- Origin: Kolkata, West Bengal, India
- Genres: Rock, Pop, Jazz
- Years active: 2006–present
- Members: Biswabijoy Sen Shonit Bagchi
- Past members: Jishnu Dasgupta Koushik Chakraborty Anirban Gomes Parantap Basu Amritava Biswas Shuddha Satya Dey Mallick Saikat Chatterjee Prosenjit Bhattacharyya

= Kollage (band) =

Kollage is a Hindi Rock/Pop Band from Kolkata, India, which has performed all over India and has helped popularize different genres of music likes soul, blues, jazz in Hindi music through their original work. They are most popular for their live acts in the corporate and club circuit and have created a niche for themselves as the "Rockers from the IT industry". They have the distinction of being a very rare instance (probably the first) of a Hindi band from the Software Industry (TCS) in India to have cut an original album.

==History==

Kollage is a Hindi Rock/Pop/Blues band formed by musicians who are also associates of TATA Consultancy Services (TCS), Kolkata. The band started back in 2003 and was brought together by Biswabijoy Sen and Koushik Chakraborty. Jishnu Dasgupta, Anirban Gomes and Prosenjit Bhattacharyya completed the initial line-up of the band.
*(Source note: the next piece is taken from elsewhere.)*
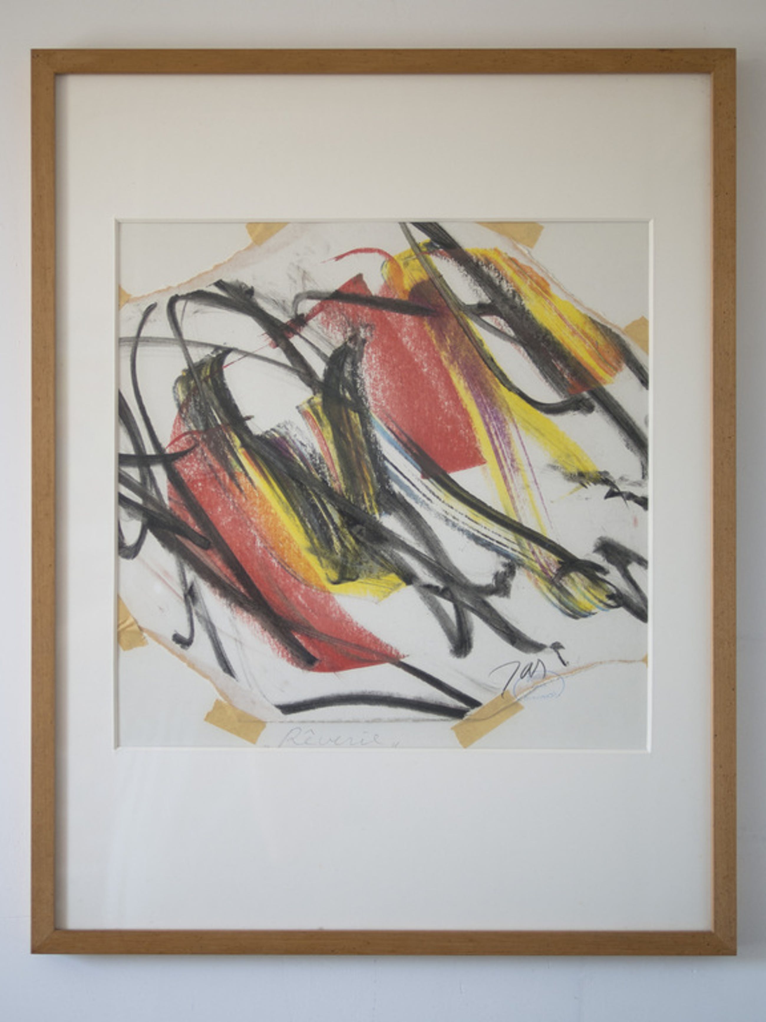 Het meest opvallende aan dit kunstwerk is dat het uitgescheurd en daarna vastgeplakt lijkt te zijn. Heeft de kunstenaar het werk eerst verscheurd en zich daarna bedacht? Hoe dan ook, de scheuren zijn onderdeel van het kunstwerk geworden en maken het tot een uniek en tot de verbeelding sprekend werk.

Back then, Kollage mostly played covers, mostly in the Indipop genre. Their IT background was a novelty and during 2003, they played quite a few gigs in Kolkata.

==The Second Coming==

Back from an overseas assignment in early 2005, Biswabijoy Sen along with a new group of musicians - all of them once again from TCS - regrouped and "Kollage" was back; albeit as Rock/Blues inspired outfit. The new lineup included Shonit Bagchi, Parantap Basu, Amritava Biswas, Shuddha Satya Dey Mallick and Saikat Chatterjee. The big break came when they participated and won the TCS organized band contest named "RockMetazz" in Mumbai. "June", their first album, produced by TCS Maitree was released on 16 October 2006.

==Present==

Biswabijoy (Singer/Songwriter/Rhythm Guitars) and Shonit (Bass Guitar) continue to perform the originals as well as covers in both Hindi and Bengali with various artistes.